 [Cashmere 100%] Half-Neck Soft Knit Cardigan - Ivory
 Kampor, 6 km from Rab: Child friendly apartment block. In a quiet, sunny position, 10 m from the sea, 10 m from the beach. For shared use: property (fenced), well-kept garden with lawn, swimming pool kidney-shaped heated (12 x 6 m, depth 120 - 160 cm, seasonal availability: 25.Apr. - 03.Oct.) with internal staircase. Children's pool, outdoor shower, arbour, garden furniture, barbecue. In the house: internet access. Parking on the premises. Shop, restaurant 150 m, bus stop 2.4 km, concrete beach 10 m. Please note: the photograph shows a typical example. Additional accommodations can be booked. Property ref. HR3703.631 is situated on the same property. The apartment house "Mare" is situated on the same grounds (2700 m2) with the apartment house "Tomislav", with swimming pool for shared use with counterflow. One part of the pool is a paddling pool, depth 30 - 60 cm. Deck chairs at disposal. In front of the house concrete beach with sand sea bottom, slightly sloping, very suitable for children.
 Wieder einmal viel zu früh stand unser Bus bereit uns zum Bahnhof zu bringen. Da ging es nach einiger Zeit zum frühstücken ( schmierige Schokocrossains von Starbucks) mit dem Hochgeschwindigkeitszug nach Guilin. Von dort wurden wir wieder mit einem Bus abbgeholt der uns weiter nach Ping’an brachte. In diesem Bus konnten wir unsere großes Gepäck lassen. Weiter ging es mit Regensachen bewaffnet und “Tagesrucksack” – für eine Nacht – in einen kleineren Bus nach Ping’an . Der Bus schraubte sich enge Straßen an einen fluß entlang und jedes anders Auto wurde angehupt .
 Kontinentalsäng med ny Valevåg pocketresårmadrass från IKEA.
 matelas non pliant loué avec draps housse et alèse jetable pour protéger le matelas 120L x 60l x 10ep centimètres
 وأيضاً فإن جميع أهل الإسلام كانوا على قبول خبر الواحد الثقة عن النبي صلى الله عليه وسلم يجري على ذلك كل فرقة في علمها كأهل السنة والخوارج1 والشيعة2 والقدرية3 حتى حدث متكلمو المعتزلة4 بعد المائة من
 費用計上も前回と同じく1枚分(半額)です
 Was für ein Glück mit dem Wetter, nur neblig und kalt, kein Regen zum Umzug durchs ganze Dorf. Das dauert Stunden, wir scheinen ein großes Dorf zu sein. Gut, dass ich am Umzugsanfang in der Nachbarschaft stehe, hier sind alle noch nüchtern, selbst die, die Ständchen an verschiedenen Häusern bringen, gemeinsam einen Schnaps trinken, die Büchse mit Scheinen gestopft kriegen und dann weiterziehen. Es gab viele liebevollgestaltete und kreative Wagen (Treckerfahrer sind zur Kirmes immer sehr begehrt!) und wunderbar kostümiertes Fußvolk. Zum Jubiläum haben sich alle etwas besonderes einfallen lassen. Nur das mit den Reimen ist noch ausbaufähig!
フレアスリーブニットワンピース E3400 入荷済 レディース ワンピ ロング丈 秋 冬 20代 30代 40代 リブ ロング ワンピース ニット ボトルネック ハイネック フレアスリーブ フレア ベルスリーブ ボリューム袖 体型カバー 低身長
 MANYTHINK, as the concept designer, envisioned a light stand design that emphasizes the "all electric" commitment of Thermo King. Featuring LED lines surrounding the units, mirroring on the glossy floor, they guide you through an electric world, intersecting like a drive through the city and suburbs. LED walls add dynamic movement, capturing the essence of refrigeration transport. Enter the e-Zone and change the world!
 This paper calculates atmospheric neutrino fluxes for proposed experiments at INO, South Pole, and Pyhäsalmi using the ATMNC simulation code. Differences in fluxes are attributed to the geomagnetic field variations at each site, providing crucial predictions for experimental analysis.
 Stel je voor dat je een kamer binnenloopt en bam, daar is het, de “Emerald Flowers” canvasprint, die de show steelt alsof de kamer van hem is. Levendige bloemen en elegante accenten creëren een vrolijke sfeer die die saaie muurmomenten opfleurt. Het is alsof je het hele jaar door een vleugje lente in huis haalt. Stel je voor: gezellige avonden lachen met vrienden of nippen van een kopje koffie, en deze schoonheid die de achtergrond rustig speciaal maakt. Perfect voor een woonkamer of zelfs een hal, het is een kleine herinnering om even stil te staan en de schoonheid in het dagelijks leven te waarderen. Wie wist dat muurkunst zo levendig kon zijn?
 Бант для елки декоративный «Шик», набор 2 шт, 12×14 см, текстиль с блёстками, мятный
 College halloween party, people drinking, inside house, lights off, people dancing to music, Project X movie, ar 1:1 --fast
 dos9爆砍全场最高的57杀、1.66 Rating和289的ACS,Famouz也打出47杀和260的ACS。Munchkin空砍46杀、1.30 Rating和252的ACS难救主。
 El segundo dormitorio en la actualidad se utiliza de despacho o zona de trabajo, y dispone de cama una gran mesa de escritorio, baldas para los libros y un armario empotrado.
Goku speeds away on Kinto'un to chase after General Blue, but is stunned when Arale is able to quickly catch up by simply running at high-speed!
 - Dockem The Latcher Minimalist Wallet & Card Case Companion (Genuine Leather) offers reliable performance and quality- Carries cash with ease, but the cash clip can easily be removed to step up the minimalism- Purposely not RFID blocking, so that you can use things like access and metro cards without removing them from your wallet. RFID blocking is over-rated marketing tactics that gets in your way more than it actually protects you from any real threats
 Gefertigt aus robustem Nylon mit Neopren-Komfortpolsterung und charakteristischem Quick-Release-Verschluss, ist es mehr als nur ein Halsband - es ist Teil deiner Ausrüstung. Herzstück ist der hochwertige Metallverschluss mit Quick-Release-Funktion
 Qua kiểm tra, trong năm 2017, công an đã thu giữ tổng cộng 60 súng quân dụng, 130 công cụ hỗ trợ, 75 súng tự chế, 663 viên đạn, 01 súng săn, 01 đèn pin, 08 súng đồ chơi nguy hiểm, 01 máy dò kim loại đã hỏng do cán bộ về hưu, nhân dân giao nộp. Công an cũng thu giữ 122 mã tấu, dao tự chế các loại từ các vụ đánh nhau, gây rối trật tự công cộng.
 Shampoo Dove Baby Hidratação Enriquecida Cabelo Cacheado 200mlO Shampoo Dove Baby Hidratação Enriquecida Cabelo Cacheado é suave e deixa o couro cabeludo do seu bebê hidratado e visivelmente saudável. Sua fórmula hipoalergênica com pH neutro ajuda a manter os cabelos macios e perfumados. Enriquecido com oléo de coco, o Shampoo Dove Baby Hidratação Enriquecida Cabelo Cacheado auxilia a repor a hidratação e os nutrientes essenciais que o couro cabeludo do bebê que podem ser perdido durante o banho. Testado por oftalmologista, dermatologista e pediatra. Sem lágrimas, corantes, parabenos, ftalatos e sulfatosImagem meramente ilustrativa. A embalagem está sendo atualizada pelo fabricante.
^^^^
— TO DO —
Reproduce the entries above exactly, but only the lines between the line holding "Goku speeds away" and the line holding "- Dockem The", inclusive.

— ANSWER TO THIS PROBLEM —
Goku speeds away on Kinto'un to chase after General Blue, but is stunned when Arale is able to quickly catch up by simply running at high-speed!
 - Dockem The Latcher Minimalist Wallet & Card Case Companion (Genuine Leather) offers reliable performance and quality- Carries cash with ease, but the cash clip can easily be removed to step up the minimalism- Purposely not RFID blocking, so that you can use things like access and metro cards without removing them from your wallet. RFID blocking is over-rated marketing tactics that gets in your way more than it actually protects you from any real threats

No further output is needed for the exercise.